The raison d'etre of this website is to provide you with hard scientific information which may help you make informed decisions in your quest for health (so far I have blogged concise summaries of over 1,500 scientific studies and have had three books published).

My research is mainly focused on the effects of cholesterol, saturated fat and statin drugs on health. If you know anyone who is worried about their cholesterol levels and heart disease, or has been told to take statin drugs you could send them a link to this website, and to my statin or cholesterol or heart disease books.

David Evans

Independent Health Researcher

Thursday, 6 May 2010

High dietary intake of fructose leads to diabetes

This paper was published in Nutrition and Metabolism 2005; 2: 5.

Study title and authors:
Fructose, insulin resistance, and metabolic dyslipidemia
Heather Basciano,1 Lisa Federico,1 and Khosrow Adeli1
1Clinical Biochemistry Division, Department of Laboratory Medicine and Pathobiology, Hospital for Sick Children, University of Toronto, Toronto, Ontario, Canada

This paper can be accessed at:

Basciano reviewed the scientific literature concerning the effects of fructose consumption on the rates of metabolic syndrome and diabetes.

Obesity and diabetes are occurring at epidemic rates in Western countries like the US and developing countries such as China and India. From 1935 t0 1996 type 2 diabetes rose by 765%.
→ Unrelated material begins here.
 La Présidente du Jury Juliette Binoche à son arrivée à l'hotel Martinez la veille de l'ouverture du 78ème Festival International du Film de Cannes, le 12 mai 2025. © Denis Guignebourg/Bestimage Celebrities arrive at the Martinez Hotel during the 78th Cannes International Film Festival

Diabetes (and heart disease) is the progression of metabolic syndrome. Metabolic syndrome is the collection of certain health conditions such as, high triglycerides, high blood sugar, insulin resistance, high blood pressure and low levels of high density lipoprotein (HDL) cholesterol. Metabolic syndrome is present in about 25-50% of the population in the US.

One of the aspects of metabolic syndrome is insulin resistance (this is where insulin becomes less effective at lowering blood sugar). The main driving force of insulin resistance are diets high in refined carbohydrates and high in fructose.

The current prevailing wisdom dictates that dietary fat is associated with body fat. However over the last 30-40 years with the advent of the "eat low fat campaign" we are now eating less fat and more carbohydrate. This has coincided with a massive rise in obesity and diabetes.

The scientific literature reveals that high fructose corn syrup is associated with the rise in type 2 diabetes, whereas protein and fat do not.

High fructose corn syrup is found in soft drinks, fruit juice, breakfast cereals and baked goods. The consumption of high fructose corn syrup has increased by 1000% since 1970. Corn syrup is now over 20% of the total daily carbohydrate intake, an increase of 2100% since 1909.

Fructose is converted into triglycerides by the liver, which contributed towards insulin resistance.

Fructose raises levels of homocysteine. High homocysteine levels are linked to increased rates of diabetes.

Fructose increases very low density lipoprotein (VLDL) cholesterol levels and apolipoprotein B levels which are associated with increased diabetes incidence.

This review reveals that emerging evidence from studies clearly suggests that the high dietary intake of fructose is one of the driving forces of the development of metabolic syndrome, which almost inevitably leads on to heart disease or diabetes.